A wide range of doctoral projects are under way, spanning from psychosocial interventions in low and middle income countries, their efficacy and scalability, to the investigation of the actual magnitude of the dreadful mortality gap associated with mental disorders in Eastern Europe. Our PhD programs and projects are closely interlinked with the activities of the WHO CC and particularly with those of the WHO Department of mental health, where our PhD students work or consult part-time. This close collaboration is unique, a link between academia and WHO, the highest policy organisation in the world of global health. 

 

Projects 

Global Mental Health

Excess body weight, obesity and dementia risk – a comprehensive meta- analysis and meta-regression of cohort and registry based prospective studies

In 2015/2016, Prof. Albanese con- ducted the most comprehensive meta-analysis so far on the topic. He designed innovative meta-regression methods to formally explore the sources of heterogeneity across the exist- ing epidemiological studies on the obesity to dementia relationship. This area of research has enormous clinical and public health implications in all world regions. This work was conducted in collaboration with Prof. Matthias Egger from the University of Bern, who, for the first time, allowed us to introduce advanced meta-analytical methods in the field of observational epidemiology applied to dementia.

Cultural adaptation of minimally guided interventions for common mental disorders: A systematic review and meta-analysis

We have conducted (and widely disseminated) a comprehensive systematic review, meta-analysis and meta-regression, to explore the relevance of cultural adaptation of mental health interventions. This work is part of Miss Harper’s PhD program at the UNIGE (i.e. GlobalHealth track), and is of great relevance for the implementation, and scaling up of the WHO mental health gap action program (mhGAP), dedicated to the field of mental health at WHO.

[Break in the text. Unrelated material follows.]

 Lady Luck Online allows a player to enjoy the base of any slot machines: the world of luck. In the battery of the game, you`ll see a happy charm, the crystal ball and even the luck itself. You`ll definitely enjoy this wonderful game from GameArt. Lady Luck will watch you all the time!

Psychiatric Epidemiology and Mental Health Service Research

Psychometrics analysis of the psy-bus (Bus Santé) data/project

‘Psy-bus’ is the Geneva-based psychiatric epidemiological study designed by Prof. J-M Aubry and Dr. I Guessous (HUG) embedded into the larger ‘Bus Santé’ study. Prof. Albanese is collaborating with Prof. Aubry, Dr. Guessous, and Dr. Helene Richard to conduct advanced psychometric analyses (including Factor analysis, Latent Class, IRT, Rasch models) exploiting this rich database. The project also aims to test relevant research and clinical hypotheses on the ground of an advanced validation of the assessment tools and research protocol. Scientific publications and SNF grants are foreseen.

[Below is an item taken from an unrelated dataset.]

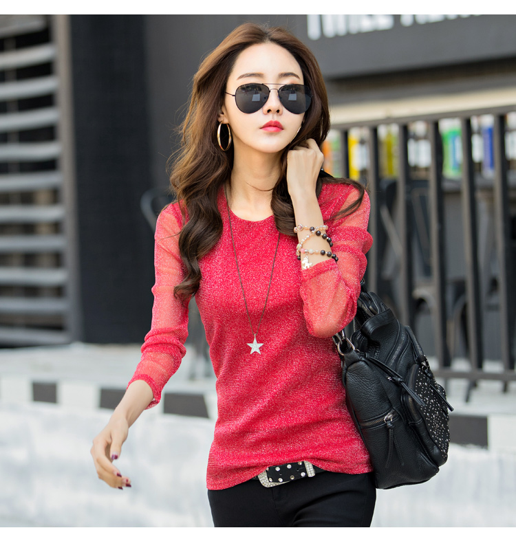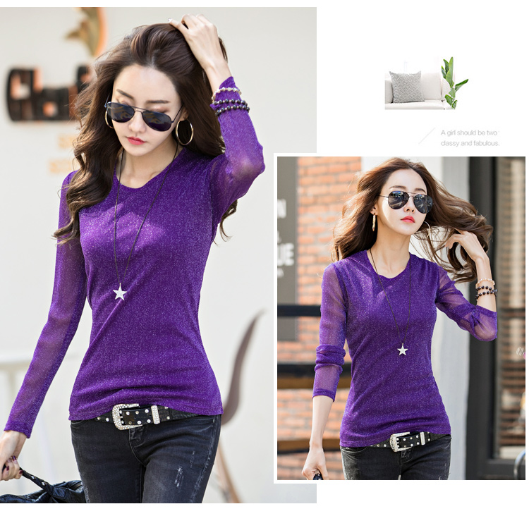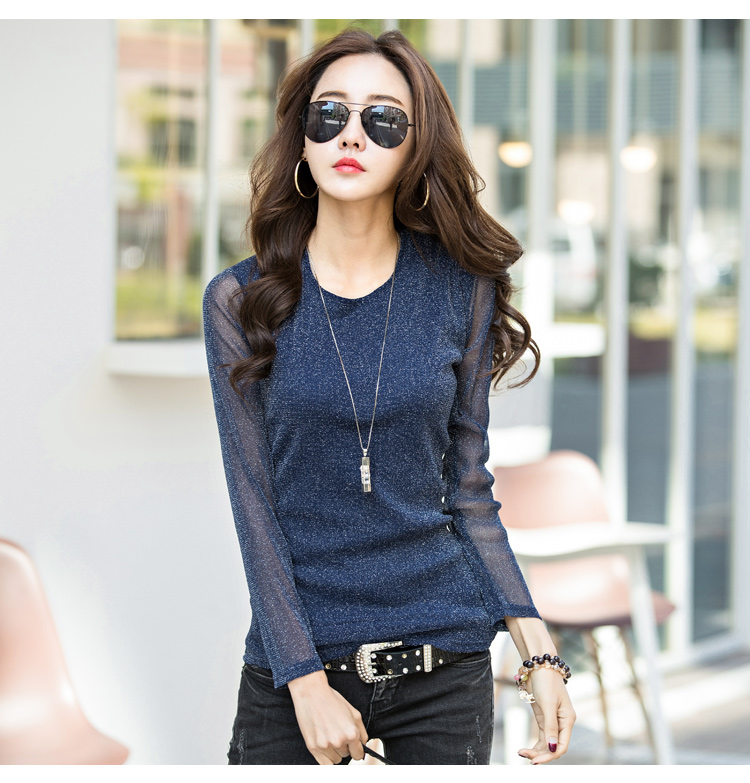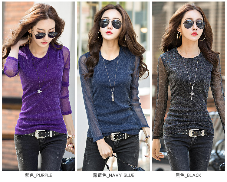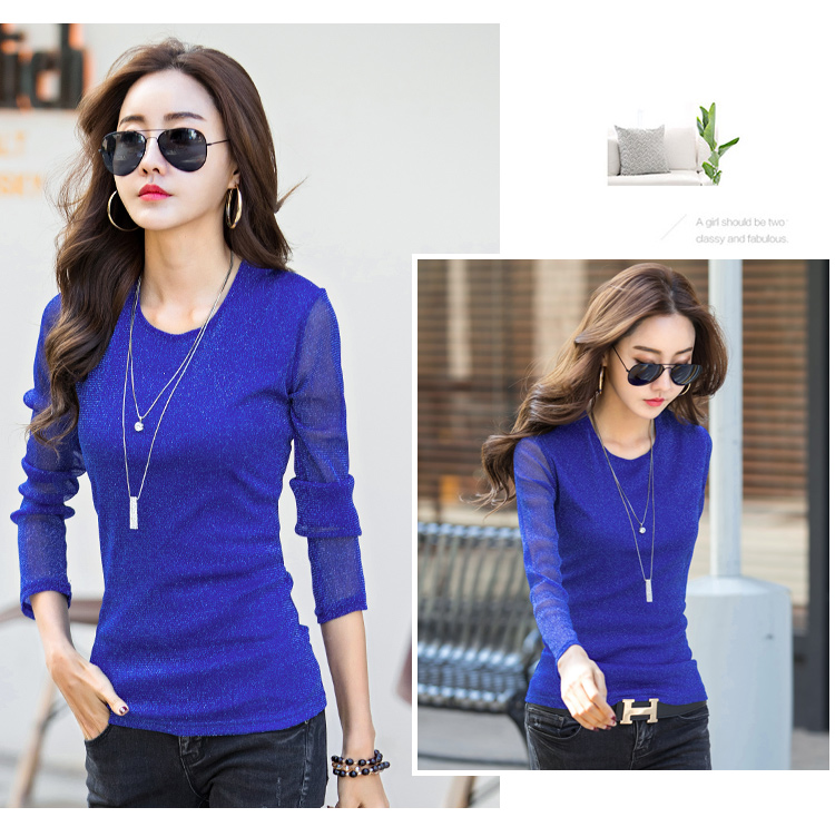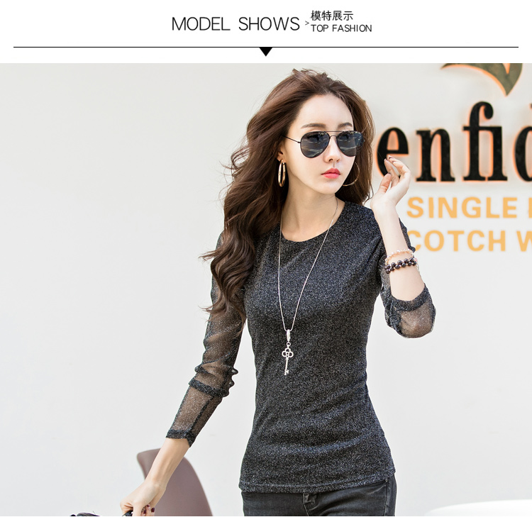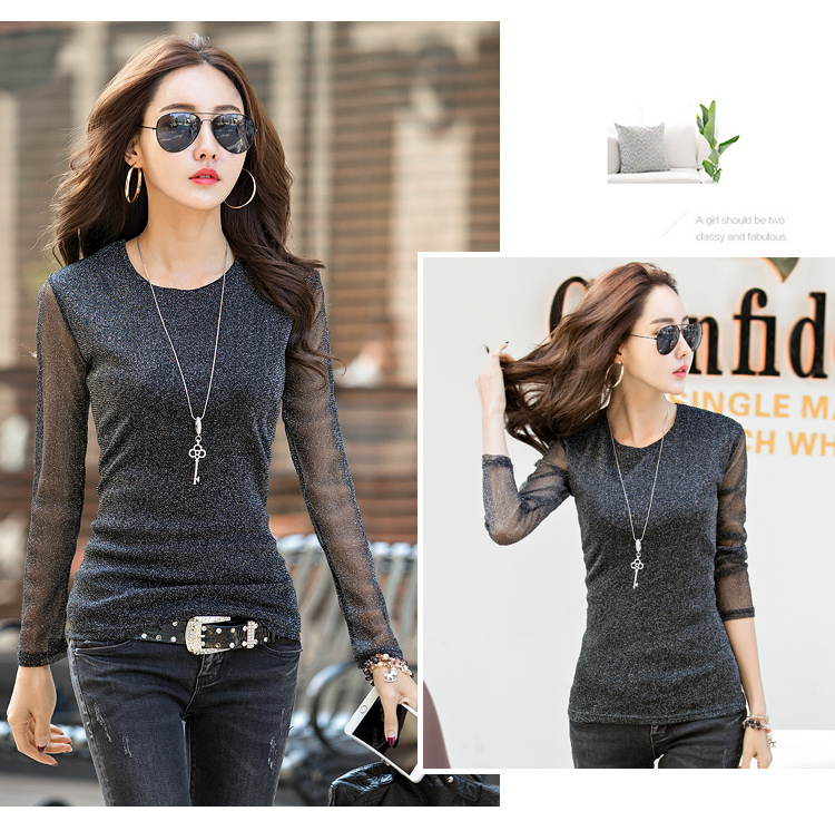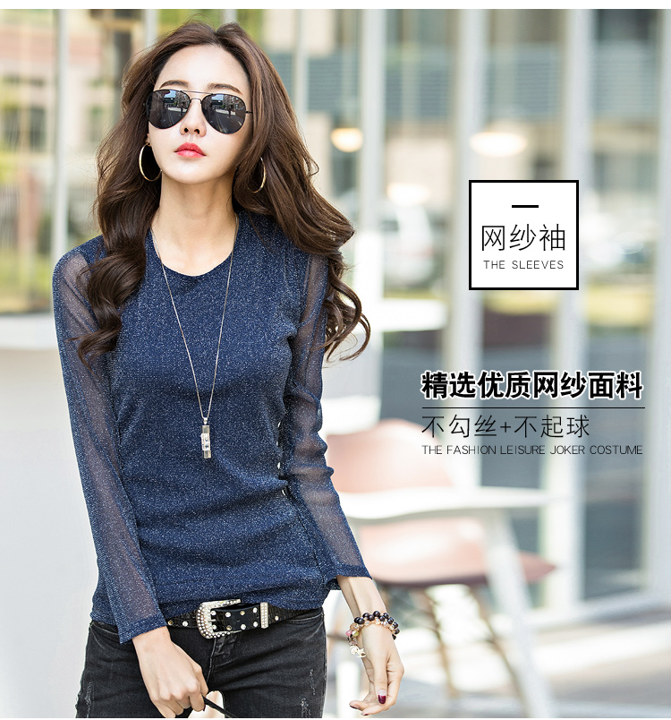 2019秋裝新款女裝韓版亮絲打底衫修身網紗長袖t恤胖妹妹大碼體恤

 Global Dementia Research Priorities – a worldwide CHNRI Exercise

Prof. Albanese led and coordinated the adaptation of the CHNRI methodology to the field of dementia, and designed the CHNRI global survey, including: data collection, analysis and synthesis, and all related dissemination activities (i.e. WHO reports, and the Lancet Neurology main paper). Between 2015 and 2016, Prof. Albanese and the WHO have conducted an unprecedented global survey amongst dementia experts and stakeholders, to elicit relevant research questions/ topics, and to rank and prioritize the consolidated 59 research avenues across five criteria:

  1. Potential for success
  2. Impact on burden reduction
  3. Potential for conceptual breakthrough                                                                                                                                  
  4. Potential for translation                                                                                                                                   
  5. Equity

Based on these rankings, an overall research priority score was computed for each research avenue.